The Khamas and South Africa’s shameful part in trying to stop the marriage

Review: Vivien Horler

Your People will be My People – the Ruth Khama Story, by Sue Grant-Marshall (Protea Book House)

ruth khamaThe story of the marriage of Seretse Khama, a Bechuana chief in waiting, and Lloyds of London clerk Ruth Williams, has been told many times, most recently in the film A United Kingdom which was released in South Africa in 2016.

Not only was Ruth’s father vehemently opposed to the wedding, which took place in 1948 in a London very different from the multicultural city of today, so were Khama’s uncle Tshekedi, regent of the powerful Bamangwato tribe, and the British government.

But one of the major themes of this compelling biography of Lady Khama, as she eventually became, was the wily behind-the-scenes involvement of the South African government in the entire affair. And it doesn’t emerge with honour.

In the late 1800s Bechuanaland, Basutholand and Swaziland, as they were then known, feared amalgamation into what became the Union of South Africa, and sent representatives to London to ask Queen Victoria to protect them from this fate. She agreed, and as a result they became known as British Protectorates.

But as late as the 1950s South Africa was still hoping to absorb the protectorates. And naturally the last thing DF Malan’s government wanted was to deal with a territory where the chief of the most powerful tribal grouping was married to a white woman.

South Africa was helped in its campaign by Sir Evelyn Baring, who was not only Britain’s high commissioner to South Africa, but also represented Britain in the protectorates. Baring played a major role in persuading the British government to do everything possible to prevent the marriage, including telling the vicar on the morning of the intended marriage that he was not free to conduct the ceremony.

The couple were eventually married in a registry office a couple of days later, leading to consternation in Britain, Bechuanaland and South Africa. The Bamangwato people eventually accepted the marriage, but South Africa did everything possible to lobby Britain to prevent the Khamas returning to the territory, and at one point the British government banned them from the protectorate for life. Later they were allowed to return, on condition that Khama renounced his claim to the chieftainship for himself and his heirs.

Taking their lead from the British government view of the marriage, many British officials working in Bechuanaland shunned the Khamas socially. This was not a major hardship for Seretse, but was tough on Ruth who had exchanged a busy life in London for a large dusty village which had none of the amenities she was used to and to whose people she was unable to speak because of the language barrier.
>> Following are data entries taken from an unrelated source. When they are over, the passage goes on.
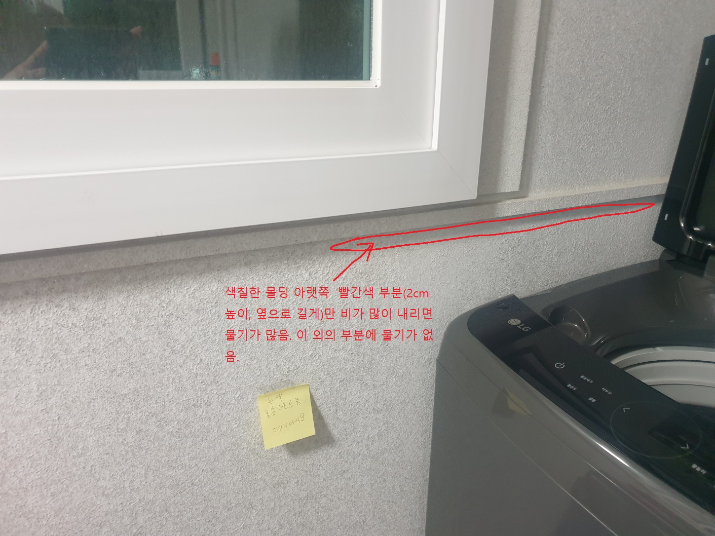-->>콘센트 연장선 몰딩한 부분 아래쪽에서만 비가 많이오면(대략 3시간 이상 비오는경우)에 물기가 있구요 (손으로 만지면 느껴집니다.)
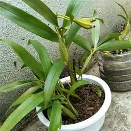 通常选用四壁多孔的塑料或陶瓷花盆,用碳根、泥炭藓、树皮块、木炭块等作盆栽材料。根据兰苗的大小,选择不同规格的花盆,但不宜用大盆栽小苗口上述栽好材料在使用前必需在清水中浸泡1天以上备用。盆底要多垫大瓦片或碎砖块,深度至盆底约1/3处,然后将兰苗放于盆中央,并在一旁插一细竹竿以固定兰苗,再填入其他栽培材料,注意根与根之间用材料隔开。
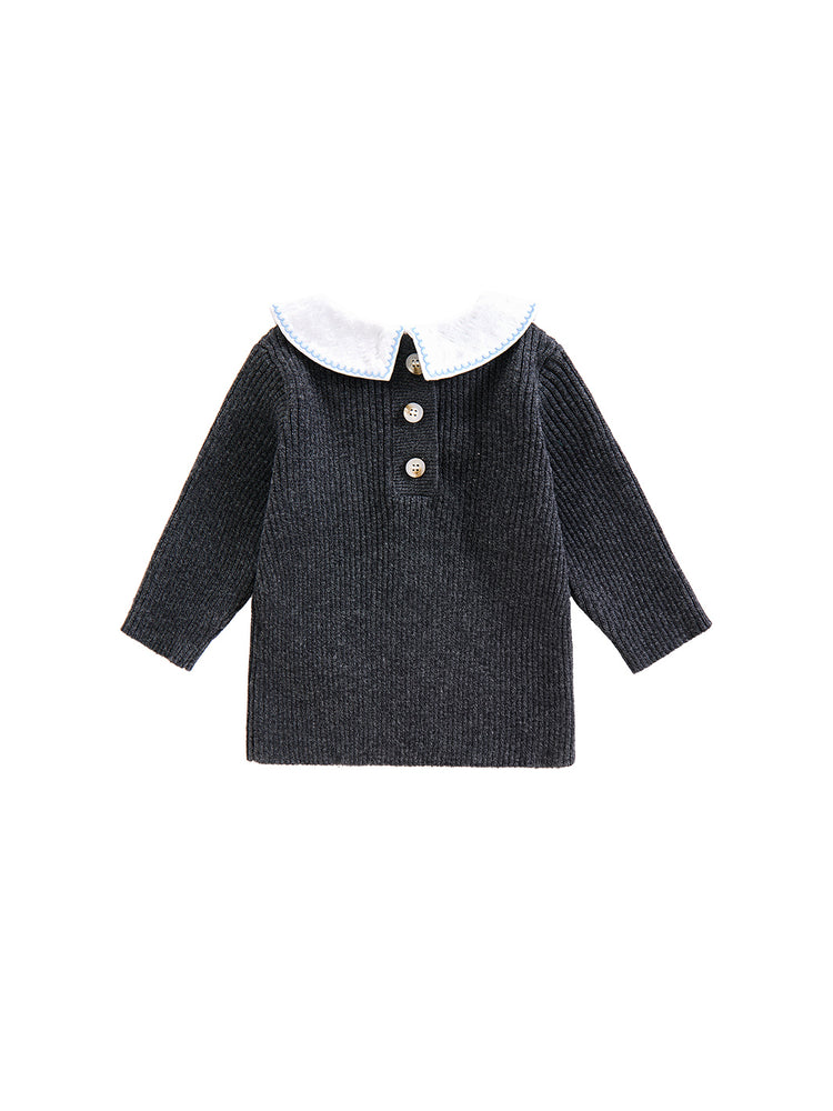 1 Pc. Pointy Collar Sweater - Charcoal Mélange

Behind South Africa’s attitude, the British government was told, was the fact “the very existence of white settlement in these territories depended, in view of the numerical inferiority and defencelessness of the white population, upon the principle that the native mind regarded the white woman as inviolable”.
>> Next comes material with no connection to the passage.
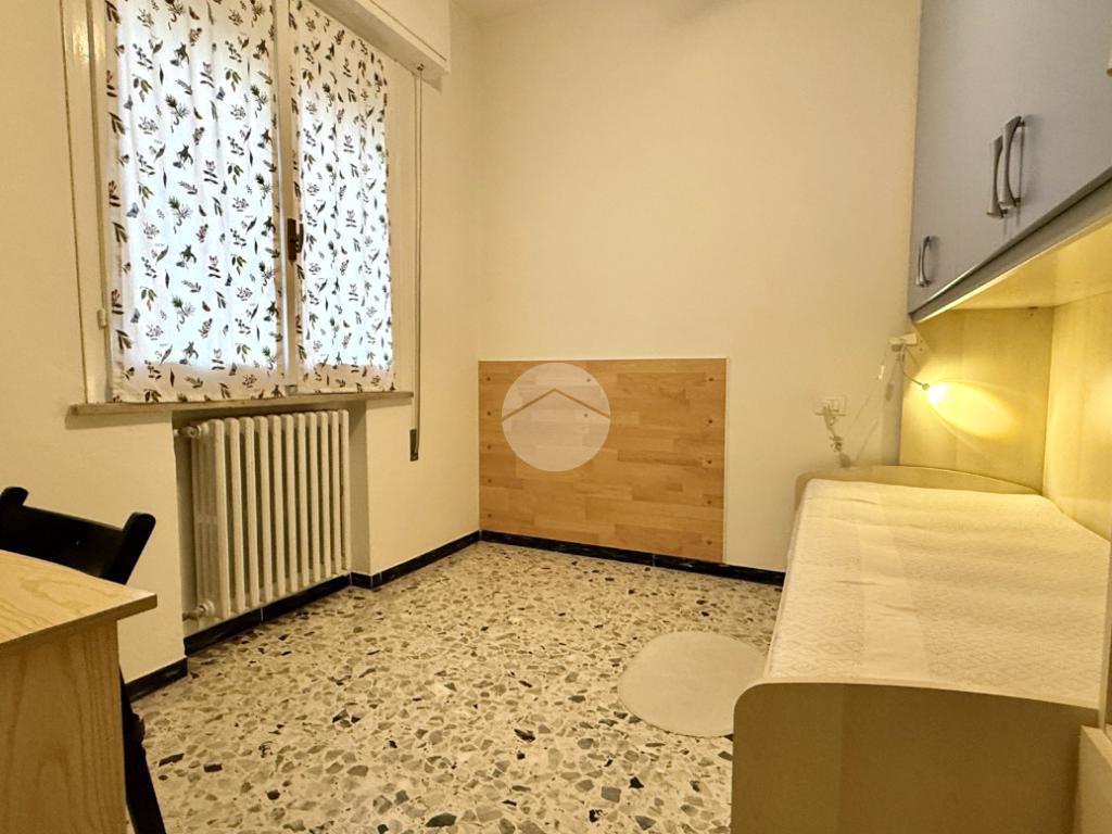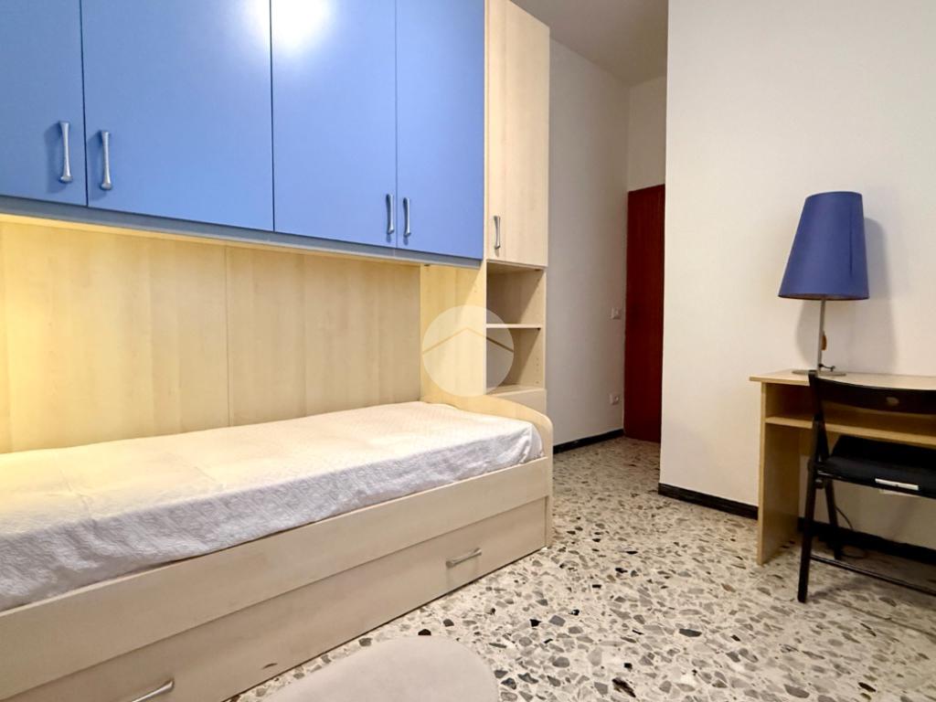 L'appartamento si compone di tre locali: due camere da letto accoglienti, un bagno finestrato ben organizzato con box doccia ed un soggiorno luminoso che si apre su un balcone, perfetto per momenti di relax all'aperto.

The Transvaler wrote in a leading article that the British government “must know that there is no room or role for a native with a white wife and coloured child in the territories surrounding the Union”.

Seretse questioned whether the British government “was prepared to sacrifice the friendship of 60 million Africans for the doubtful friendship of Union Prime Minister Dr Malan”, but it was clear that in fact the British government was. This was partly due to the fact Britain very much did not want South Africa, her staunch ally in the recent World War II, to leave the Commonwealth, and partly to the strong personal relationship between Winston Churchill and Jan Smuts.
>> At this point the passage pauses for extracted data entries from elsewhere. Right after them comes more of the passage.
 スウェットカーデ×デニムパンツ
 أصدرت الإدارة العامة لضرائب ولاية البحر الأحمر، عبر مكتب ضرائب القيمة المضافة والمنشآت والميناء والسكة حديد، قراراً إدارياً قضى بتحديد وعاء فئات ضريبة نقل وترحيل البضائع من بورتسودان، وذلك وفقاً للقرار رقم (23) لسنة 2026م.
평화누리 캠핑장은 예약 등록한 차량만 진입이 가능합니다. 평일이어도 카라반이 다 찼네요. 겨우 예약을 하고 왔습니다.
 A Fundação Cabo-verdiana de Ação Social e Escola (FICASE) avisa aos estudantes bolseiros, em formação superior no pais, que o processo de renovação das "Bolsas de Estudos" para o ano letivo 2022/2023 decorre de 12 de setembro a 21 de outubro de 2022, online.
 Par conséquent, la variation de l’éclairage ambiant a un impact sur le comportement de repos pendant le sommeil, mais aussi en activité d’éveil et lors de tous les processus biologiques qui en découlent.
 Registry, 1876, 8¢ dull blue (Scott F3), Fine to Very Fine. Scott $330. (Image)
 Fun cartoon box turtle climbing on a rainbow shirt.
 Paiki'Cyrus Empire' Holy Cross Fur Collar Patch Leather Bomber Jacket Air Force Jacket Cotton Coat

It was a shameful episode for all concerned – except the couple at the centre of the storm who behaved throughout with courage and grace. And as we know, the story eventually had a happy ending, with Seretse becoming the first president of an independent Botswana, and Ruth the country’s beloved first lady

Sue Grant-Marshall, a former reporter with the Cape Argus, grew up partly in Bechuanaland where her father, Peter Cardross, was a district commissioner. He worked in the Khama’s home village of Serowe, among other places, and became friends with the Khamas.

This gave Grant-Marshall the access to Ruth for the interviews on which much of this book is based. It was finished around 1984, and then languished for want of a publisher. Some felt the story was too romantic, others too political, and one London publisher told her no one was interested anyway.

But now Protea Books has published it and it is well worth reading, not only for the romance and the politics, but also for a glimpse into the history of the time.

Grant-Marshall says of Seretse: “I thought he was incredible, with a wonderful sense of humour, no bitterness and a gorgeous personality.

“But I was much closer to Ruth, especially after Seretse died. She became like a second mother to me. She had a sharp wit, was incredibly intelligent, and as a young woman was beautiful. And when I think of her, the word that comes to mind is courage.”

Sadly, Ruth did not lived to see the book’s publication as she died in 2002. But Grant-Marshall is “over the moon” that her work has finally been recognised, and feels that she has been true to the passion that both she and Ruth put into it.

  • A version of this review appeared in Weekend Argus on Sunday on February 17, 2019.